Penulis: Naufal Ahmad Afifi (Pengamat Ekonomi dan Pendidikan Jabodetabek Raya)
JAKARTA — Pemerintah menegaskan bahwa revitalisasi sekolah bukan sekadar proyek renovasi jangka pendek, melainkan investasi strategis untuk 10 hingga 20 tahun ke depan. Dengan sekolah yang lebih layak, generasi muda diharapkan tumbuh lebih produktif dan siap bersaing di tingkat global.
Langkah ini lahir dari kenyataan bahwa kondisi sekolah di Indonesia masih menghadapi tantangan serius. Data Kemendikbudristek mencatat, hingga 2023 terdapat lebih dari 160 ribu ruang kelas dalam kondisi rusak ringan hingga berat, terutama di daerah 3T (Tertinggal, Terdepan, dan Terluar).
Di Papua, sebagian siswa masih harus belajar di ruang darurat atau balai desa, sementara di Nusa Tenggara Timur dan Kalimantan, banyak sekolah yang tidak memiliki laboratorium atau perpustakaan. Fenomena ini memperlebar kesenjangan mutu pendidikan antara kota besar dan daerah terpencil.
Program revitalisasi sekolah pun menjadi salah satu prioritas nasional untuk menjawab persoalan tersebut. Fokusnya bukan hanya memperbaiki dinding yang retak atau atap yang bocor, tetapi juga membangun sarana yang mendukung pembelajaran abad ke-21, mulai dari perpustakaan modern, laboratorium IPA, ruang guru yang representatif, hingga Unit Kesehatan Sekolah (UKS) yang layak.
Revitalisasi diyakini akan membuat proses belajar mengajar lebih efektif. Hal ini sejalan dengan penelitian Jannah & Darmawan (2024) yang menemukan bahwa sekolah dengan fasilitas memadai tidak hanya meningkatkan motivasi belajar siswa, tetapi juga memperkuat kepercayaan diri guru dalam mengajar. Sebaliknya, sekolah dengan ruang kelas rusak dan minim fasilitas memperbesar risiko ketertinggalan akademik.

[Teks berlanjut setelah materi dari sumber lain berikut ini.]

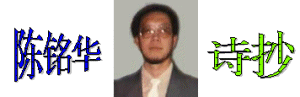 〖陈铭华,一九五六年出生于越南嘉定,一九七九年定居洛杉矶。一九九零年创 办《新大陆》诗刊,兼任主编。著有诗集《河传》、《春天的游戏》、《童话世 界》等。〗 九一八事变 九月十八日。华氏95度 冰块开始流泪之前 我又在制造她的机器前 见到了中村铁丽 (想不出一句话话) 她的名字入了籍,姓氏尚未 她的眼睛染着甲午的云彩 她的秀发奔着钓鱼台的波浪 她的剌青啊,栩栩然 我的前生。打从鸭绿江那头 经芦沟桥,经雨花台 她默默将勺子递过来 冷冷的小手 我猜 她朝梦里去 而我,从历史来 九六年九月十八日洛城 星期一早上的会议室 星期一早上的会议室 灯光迟疑地将握笔的手 复制成一只 在线路上觅食的 鸟脚步比风还轻 窗色暗暗入路纷纷 卡车满载着时间 缓缓从出路那头的 铁栏杆 绕过一方屋脊 很绿很绿的乒乓球桌 球赛正进行着 飞来飞去 飞去飞来 咦 这些球 全是我的同僚 九六年二月十九日 啤酒广告 如今我安详地睡去 除了须发 遍体透明 阳光仍然哗哗下着 海呵 请葬我以沙 在玻璃瓶内 一首诗完成的时候 一扇没有匙孔的门 要等的是那一双手 温柔地扭开 好让我流过 一转 百转 柔肠 九六年八月廿二日洛城 Sensor 让我在前院种几丛花探四时的消长 让我在后院蓄一池水测日月的盈亏 让我在实验室出尽方法来量度 冷暖、厚薄以及爱恨等等 最后请将我接上高压电流 装置在莽莽天地间 俯仰一生 九七年一月廿日洛城 (寄自美国)

Pemerintah percaya, pendidikan adalah “senjata paling ampuh” untuk mencetak sumber daya manusia (SDM) unggul yang mampu menghadapi kompetisi global. Dengan dukungan revitalisasi sekolah, generasi muda diharapkan tidak hanya cerdas secara akademis, tetapi juga memiliki keterampilan, karakter, dan daya saing yang setara dengan negara lain.
Guru sebagai Agen Peradaban
Revitalisasi fisik sekolah hanyalah satu sisi dari upaya menciptakan pendidikan bermutu. Menteri Pendidikan Dasar dan Menengah, Abdul Mu’ti, menegaskan bahwa peran guru tetap menjadi inti dari transformasi pendidikan nasional.
“Guru bukan hanya agen pembelajaran, melainkan agen peradaban berkelanjutan bangsa,” kata Mu’ti dalam acara Sarasehan Guru Katolik se-Jakarta Barat, Sabtu (6/9).
Ia menekankan bahwa guru bukan sekadar pengajar materi, melainkan pendamping yang mampu menumbuhkan kemampuan kritis, empati, dan sopan santun—nilai yang tidak dapat diajarkan lewat buku teks semata.
Untuk memperkuat kapasitas pendidik, Kemendikdasmen telah melakukan berbagai pelatihan. Tahun 2025, tercatat lebih dari 120.000 guru Bimbingan Konseling (BK) sudah mengikuti program peningkatan kompetensi, sementara sekitar 380.000 guru lainnya dilatih dalam metode Deep Learning, termasuk guru non-BK, agar memiliki pemahaman dasar konseling. Program ini dirancang agar setiap guru tidak hanya mampu mengajar, tetapi juga memahami kebutuhan akademik dan sosial siswa.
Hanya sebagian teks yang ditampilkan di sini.